Brow Beat

Cracking Movie Codes

Several supercutters have compiled instances of computers in movies and on television, but CloudFlare programmer John Graham-Cumming is going beyond the standard video or listicle by not only gathering cinematic source codes, but identifying them—on his new blog, moviecode.tumblr.com.

Featuring screen shots from shows and movies as varied as Dilbert and Clear and Present Danger, Graham-Cumming explains what the codes really are, like Java or ActionScript 3. The entire page—which began just a few days ago and is quickly gaining popularity—is worth perusing, but below are a few of his personal favorites, sent to me in an email.

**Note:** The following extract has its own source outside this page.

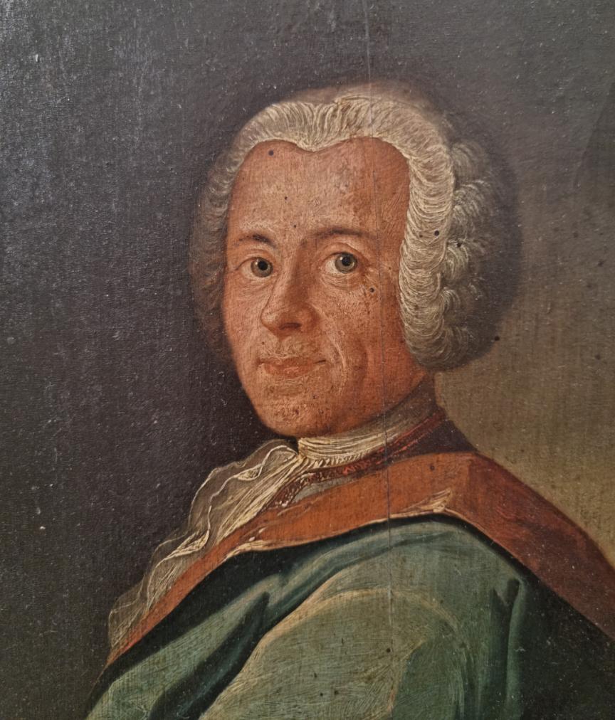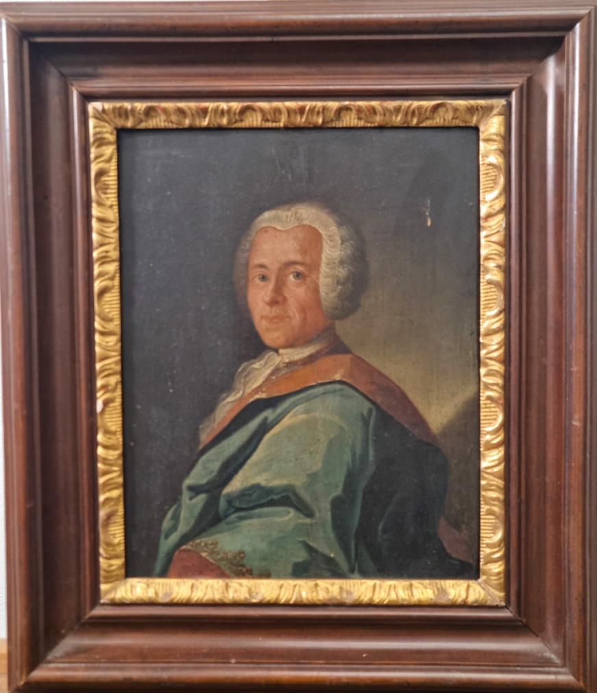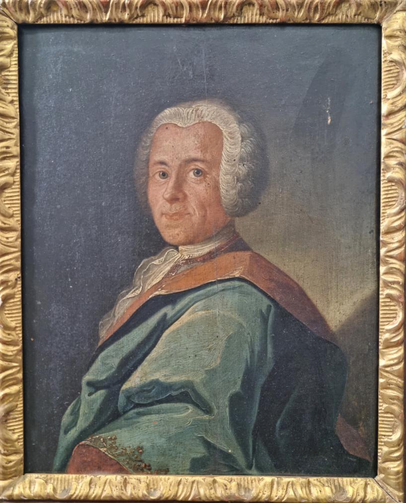 Klasické dílo s námětem portrétu muže šlechtického původu. Autor používá šerosvit, díky kterému upíná pozornost na portrétovaného muže. Oděv je bohatě zdobený, v místech vlasů vidíme jednotlivé tahy štětce. Olej na dřevěné desce, vyztuženo parketáží rozměry s rámem 36 x 31,5 cm, rozměry malby 23,5 x 18 cm. Nesignováno.

The Girl With the Dragon Tattoo

Photo courtesy of moviecode.tumblr.com

As Graham-Cumming writes on the site, the code here is “apparently legitimate SQL,” or, structured query language. He says that the code looks appropriate “for what she’s trying to do,” which is research murders.

Antitrust

Photo courtesy of moviecode.tumblr.com

Graham-Cumming finds it funny that, in this poorly reviewed 2001 thriller, “the ‘Bill Gates’ character and his protégé are reading some really, really simple Java code and saying how amazing the ‘compression’ is.”

Elysium

Photo courtesy of moviecode.tumblr.com

This was the image that kicked off the Movie Code Tumblr. The code used here is copied exactly from an Intel manual.

Graham-Cumming is taking submissions, so feel free to send along your own examples.